We use vision information to resolve problems as human being.

  • OCR. Since a lot of documents presented as images or at least be able to transform to image, OCR is a very essential and fundamental or even universal solution for text extraction.

        python deepdoc/vision/t_ocr.py --inputs=path_to_images_or_pdfs --output_dir=path_to_store_result
    

    The inputs could be directory to images or PDF, or an image or PDF. You can look into the folder 'path_to_store_result' where has images which demonstrate the positions of results, txt files which contain the OCR text.

  • Layout recognition. Documents from different domain may have various layouts, like, newspaper, magazine, book and résumé are distinct in terms of layout. Only when machine have an accurate layout analysis, it can decide if these text parts are successive or not, or this part needs Table Structure Recognition(TSR) to process, or this part is a figure and described with this caption. We have 10 basic layout components which covers most cases:

    • Text
    • Title
    • Figure
    • Figure caption
    • Table
    • Table caption
    • Header
    • Footer
    • Reference
    • Equation

    Have a try on the following command to see the layout detection results.

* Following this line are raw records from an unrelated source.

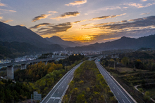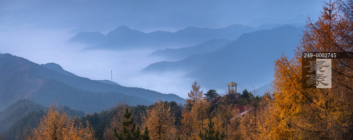 图片标题: 金色的落叶松林与水墨山水相映成画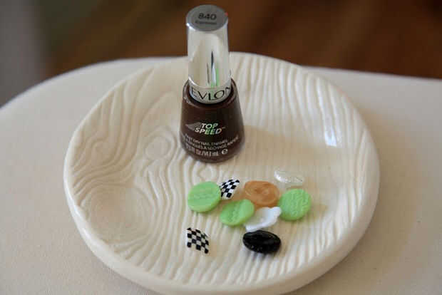 1) me buscó un esmalte para pintura mi botones, pero que esmalte Revlon Espresso 840 encontró la sombra perfecta para el chocolate. Cubre muy bien, y más mi botones solo necesitan una capa.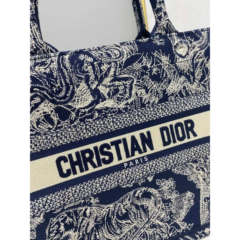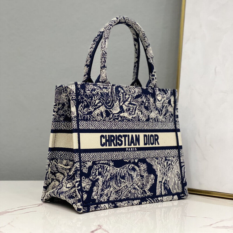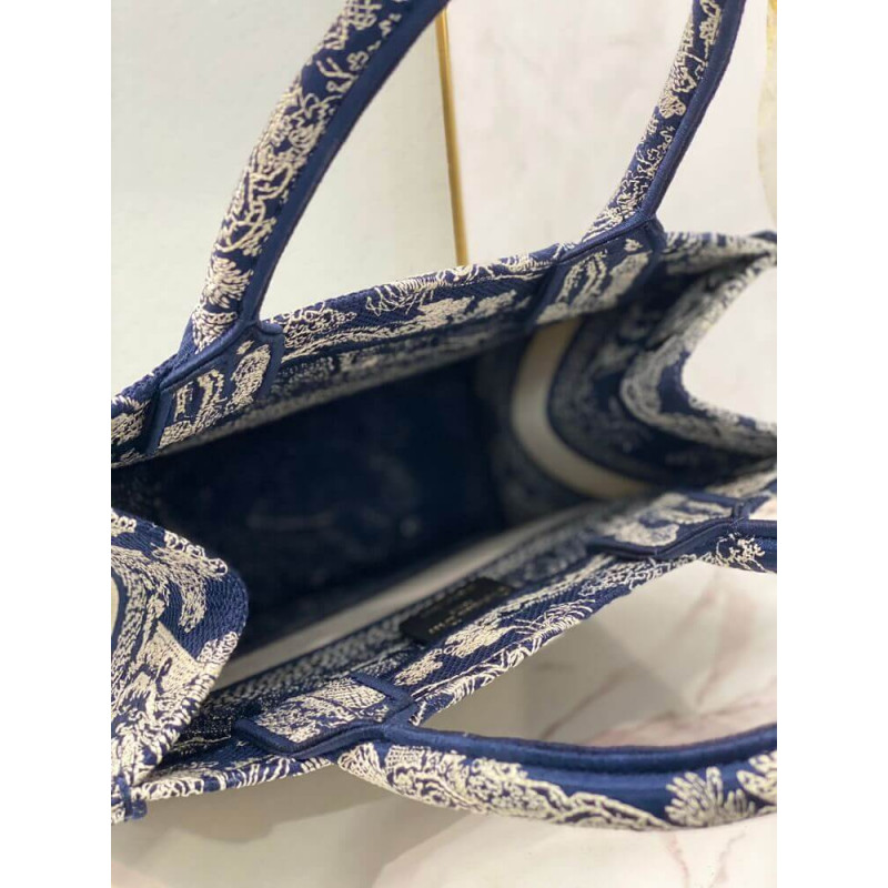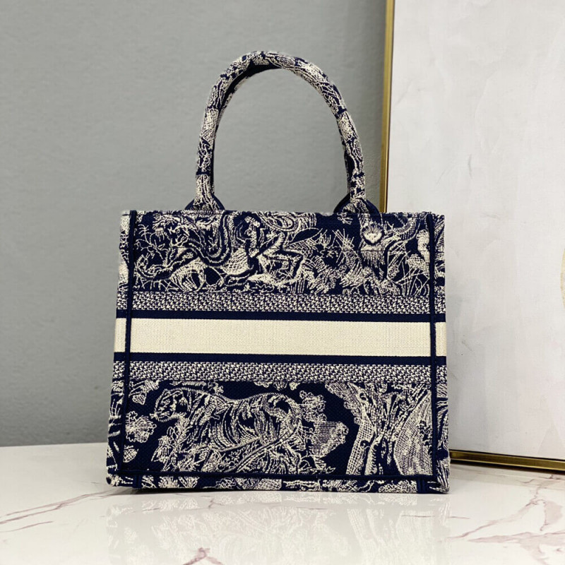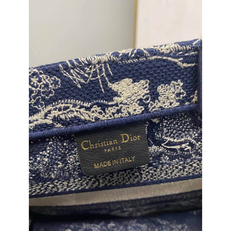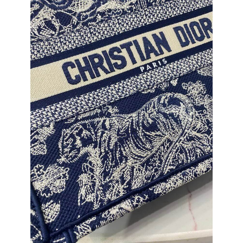 Christian Dior Small Book Tote Bag 26cm Oblique Embroidery Blue

       python deepdoc/vision/t_recognizer.py --inputs=path_to_images_or_pdfs --threshold=0.2 --mode=layout --output_dir=path_to_store_result
    

    The inputs could be directory to images or PDF, or an image or PDF. You can look into the folder 'path_to_store_result' where has images which demonstrate the detection results as following:

  • Table Structure Recognition(TSR). Data table is a frequently used structure to present data including numbers or text. And the structure of a table might be very complex, like hierarchy headers, spanning cells and projected row headers. Along with TSR, we also reassemble the content into sentences which could be well comprehended by LLM. We have five labels for TSR task:

    • Column
    • Row
    • Column header
    • Projected row header
    • Spanning cell

    Have a try on the following command to see the layout detection results.

       python deepdoc/vision/t_recognizer.py --inputs=path_to_images_or_pdfs --threshold=0.2 --mode=tsr --output_dir=path_to_store_result
    

    The inputs could be directory to images or PDF, or an image or PDF. You can look into the folder 'path_to_store_result' where has both images and html pages which demonstrate the detection results as following:

  • Table Auto-Rotation. For scanned PDFs where tables may be incorrectly oriented (rotated 90°, 180°, or 270°), the PDF parser automatically detects the best rotation angle using OCR confidence scores before performing table structure recognition. This significantly improves OCR accuracy and table structure detection for rotated tables.

    The feature evaluates 4 rotation angles (0°, 90°, 180°, 270°) and selects the one with highest OCR confidence. After determining the best orientation, it re-performs OCR on the correctly rotated table image.

    This feature is enabled by default. You can control it via environment variable:

    # Disable table auto-rotation
    export TABLE_AUTO_ROTATE=false
    
    # Enable table auto-rotation (default)
    export TABLE_AUTO_ROTATE=true
    

    Or via API parameter:

    from deepdoc.parser import PdfParser
    
    parser = PdfParser()
    # Disable auto-rotation for this call
    boxes, tables = parser(pdf_path, auto_rotate_tables=False)
    

3. Parser

Four kinds of document formats as PDF, DOCX, EXCEL and PPT have their corresponding parser. The most complex one is PDF parser since PDF's flexibility. The output of PDF parser includes:

  • Text chunks with their own positions in PDF(page number and rectangular positions).
  • Tables with cropped image from the PDF, and contents which has already translated into natural language sentences.
  • Figures with caption and text in the figures.

Résumé

The résumé is a very complicated kind of document. A résumé which is composed of unstructured text with various layouts could be resolved into structured data composed of nearly a hundred of fields. We haven't opened the parser yet, as we open the processing method after parsing procedure.